Posted in Books, Statistics, University life with tags , , , , , , , , , on January 3, 2020 by xi'an

Following a recent JASA paper by Giacomo Zanella (which I have not yet read but is discussed on this blog), Sam Power and Jacob Goldman have recently arXived a paper on Accelerated sampling on discrete spaces with non-reversible Markov processes, where they use continuous-time, non-reversible algorithms à la PDMP, even though differential equations do not exist on discrete spaces. More specifically, they devise discrete versions of the coordinate sampler and of the Zig-Zag sampler, using Markov jump processes instead of differential equations, with detailed balance on the jump rate rather than the Markov kernel. A use of jump processes originating at least from Peskun (1973) and connected with MCMC algorithms in Matthew Stephens‘ 1999 PhD thesis. A neat thing about discrete settings is that the jump process can be implemented with no discretisation! However, as we noticed when working on birth-and-death processes with Olivier Cappé and Tobias Rydèn, there is a potential for disastrous implementation if an infinite sequence of instantaneous moves (out of zero probability states) is proposed.
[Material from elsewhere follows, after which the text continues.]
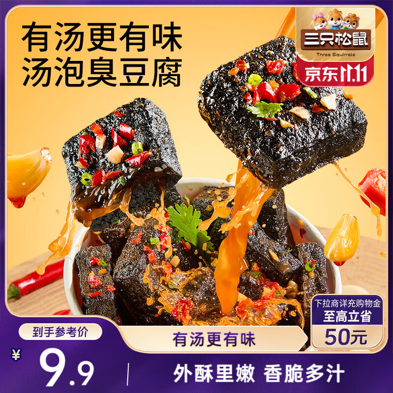 三只松鼠汤泡臭豆腐香辣味180g/9袋 零食追剧解馋办公室小吃臭干子豆腐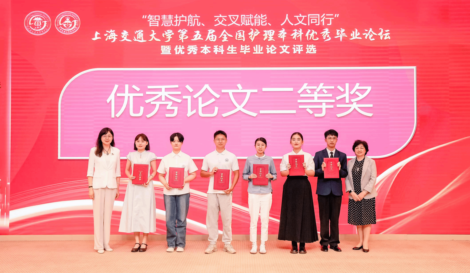 何佳乐同学获第五届全国护理本科优秀毕业论文二等奖(右三)

The authors make the further assumption(s) that the discrete space is endowed with a graphical structure with a group G acting upon this graph, with an involution keeping the target (or a completion of the original target) invariant. In this framework, reversibility amounts to repeatedly using (group) generators þ with a low order (as in Bayesian variable selection, binary spin systems, where þ.þ=id, and other permutation problems), since they bring the chain back to its starting point. Their first sampler is called a Tabu sampler for avoiding such behaviour, forcing the next step to use other generators þ in the generator set Þ thanks to a binary auxiliary variable that partitions Þ into forward vs backward moves. For high order generators, the discrete coordinate and Zig-Zag samplers are instead repeatedly using the same generator (although it is unclear to me why this is beneficial, given that neither graph nor generator is not necessarily linked with the target). With the coordinate sampler being again much cheaper since it only looks at one direction in the generator group.

The paper contains a range of comparisons with (only) Zanella’s sampler, some presenting heavy gains in terms of ESS. Including one on hundreds of sensors in a football stadium. As I am not particularly familiar with these examples, except for the Bayesian variable selection one, I found it rather hard to determine whether or not the compared samplers were indeed exploring the entirety of the (highly complex and highly dimensional) target. The collection of examples is however quite rich and support the use of such non-reversible schemes. It may also be that the discrete nature of the target could facilitate the theoretical study of their convergence properties.

## stability of noisy Metropolis-Hastings

Posted in Statistics with tags , , , , , , on September 28, 2016 by xi'an

Felipe Medina-Aguayo, Antony Lee and Gareth Roberts (all at Warwick University) have recently published—even though the paper was accepted a year ago—a paper in Statistics and Computing about a variant to the pseudo-marginal Metropolis-Hastings algorithm. The modification is to simulate an estimate of the likelihood or posterior at the current value of the Markov chain at every iteration, rather than reproducing the current estimate. The reason for this refreshment of the weight estimate is to prevent stickiness in the chain, when a random weight leads to a very high value of the posterior. Unfortunately, this change leads to a Markov chain with the wrong stationary distribution. When this stationary exists! The paper actually produces examples of transient noisy chains, even in simple cases such as a geometric target distribution. And even when taking the average of a large number of weights. But the paper also contains sufficient conditions, like negative weight moments or uniform ergodicity of the proposal, for the noisy chain to be geometrically ergodic. Even though the applicability of those conditions to complex targets is not always obvious.